> _WORK TO BE COMPLETED_
Each line from the one with "Jag testade också" through the last line of the material is to be printed exactly; no other line and no picture belongs in the copy.
------------------------------
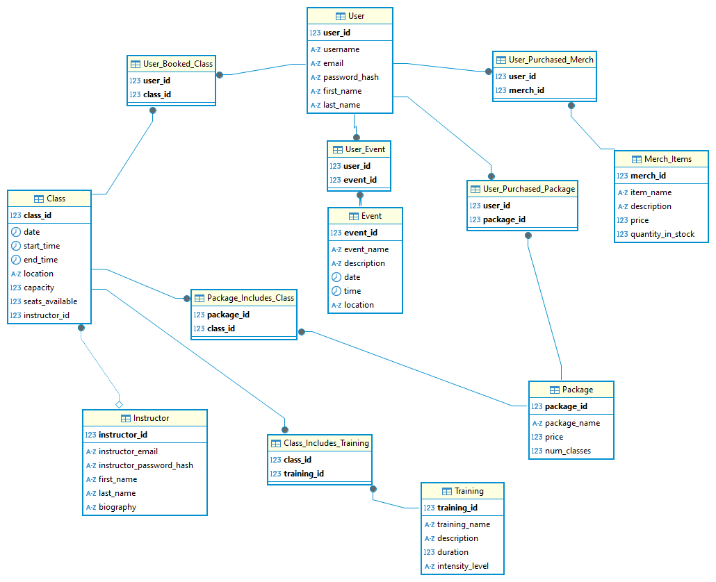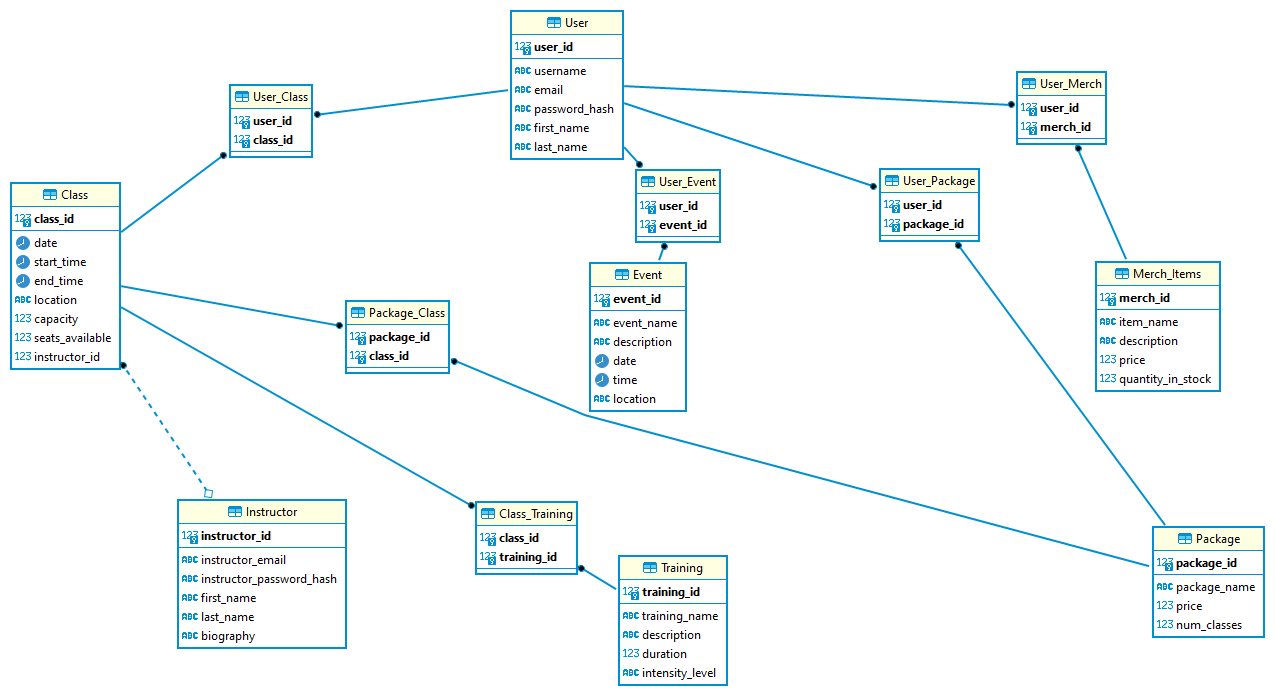 - User_Booked_Class ( user_id*, class_id* )
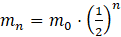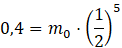 Po każdym okresie połowicznym masa pierwiastka zmniejsza się połowę. Oblicz ilość okresów połowicznego rozkładu w czasie 40 dni, a następnie podstaw dane do wzoru.
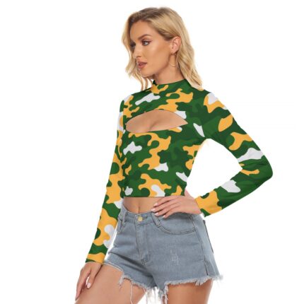 Green Bay Packers All-Over Print Women’s Hollow Chest Keyhole Tight Crop Top
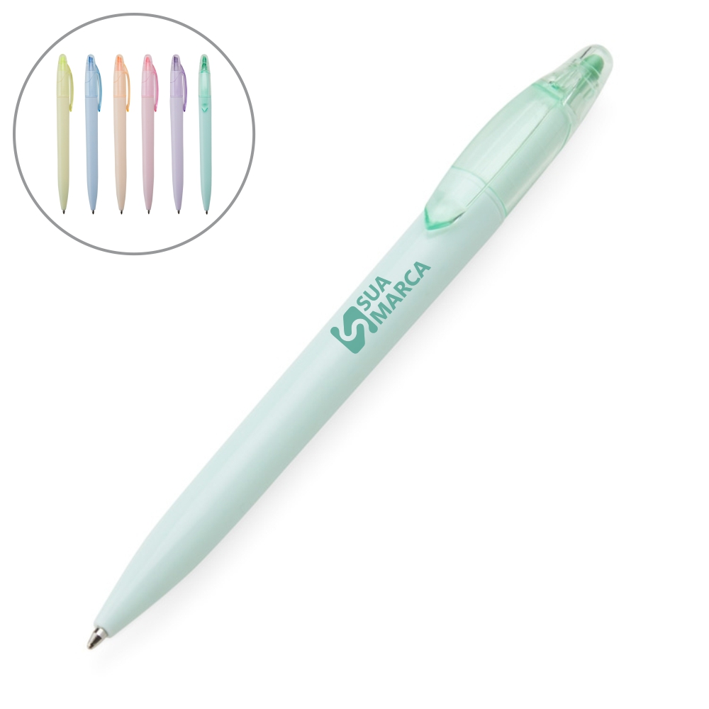 Descrição: Caneta plástica com marca texto com tampa protetora para o marca texto, carga esferográfica azul 1.0mm e acionamento por rotação.
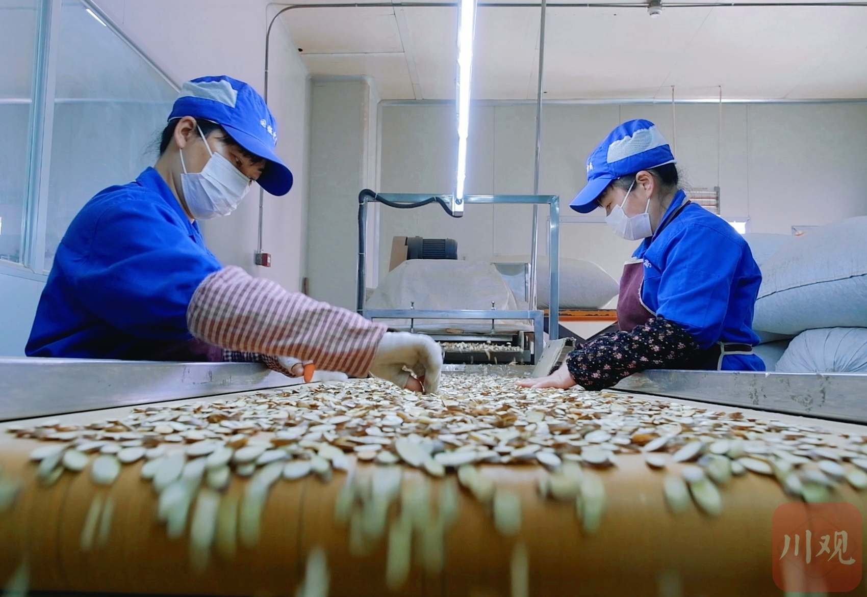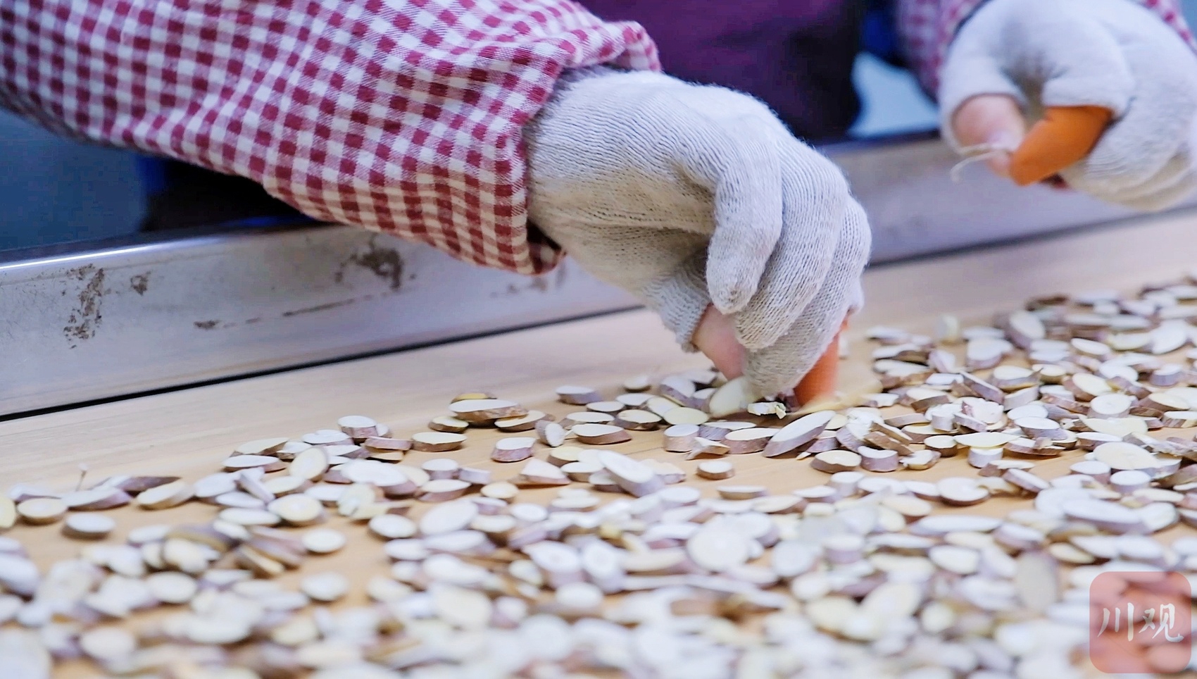 工作人员正在分拣药材。
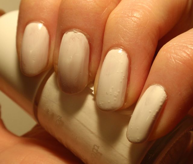 Jag testade också ett nytt vitt krämlack under Sun-Kissed. Vitt krämlack är ju något man måste ha hemma, men jag har inte varit riktigt nöjd med China Glaze Snow, som jag har använt tidigare. Det kräver tre lager för att täcka och tar lång tid att torka. Nu testade jag Models Own Snow White, och lite preliminärt så tycker jag nog att det är ett trevligare lack. Det täckte riktigt bra, på bilden har jag bara ett lager. Det var ganska lättlackat också. Enda problemet var att det bubblade lite, som ni ser på ringfingret och lillfingret. Bubblorna syntes inte igenom det gula lacket däremot, så jag har lite hopp om att det kan vara ett bra alternativ framöver.
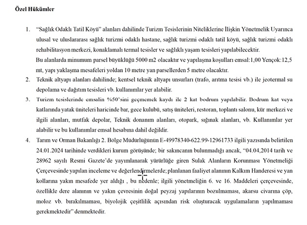 Termal Kür Tesisi Teşviki: Asli konaklama tesisleri ile birlikte Termal Kür Tesisi yapılması halinde inşaat emsali (E) 0.90'a kadar çıkabilmektedir.
------------------------------
> _EXERCISE RESULT_
 Jag testade också ett nytt vitt krämlack under Sun-Kissed. Vitt krämlack är ju något man måste ha hemma, men jag har inte varit riktigt nöjd med China Glaze Snow, som jag har använt tidigare. Det kräver tre lager för att täcka och tar lång tid att torka. Nu testade jag Models Own Snow White, och lite preliminärt så tycker jag nog att det är ett trevligare lack. Det täckte riktigt bra, på bilden har jag bara ett lager. Det var ganska lättlackat också. Enda problemet var att det bubblade lite, som ni ser på ringfingret och lillfingret. Bubblorna syntes inte igenom det gula lacket däremot, så jag har lite hopp om att det kan vara ett bra alternativ framöver.
 Termal Kür Tesisi Teşviki: Asli konaklama tesisleri ile birlikte Termal Kür Tesisi yapılması halinde inşaat emsali (E) 0.90'a kadar çıkabilmektedir.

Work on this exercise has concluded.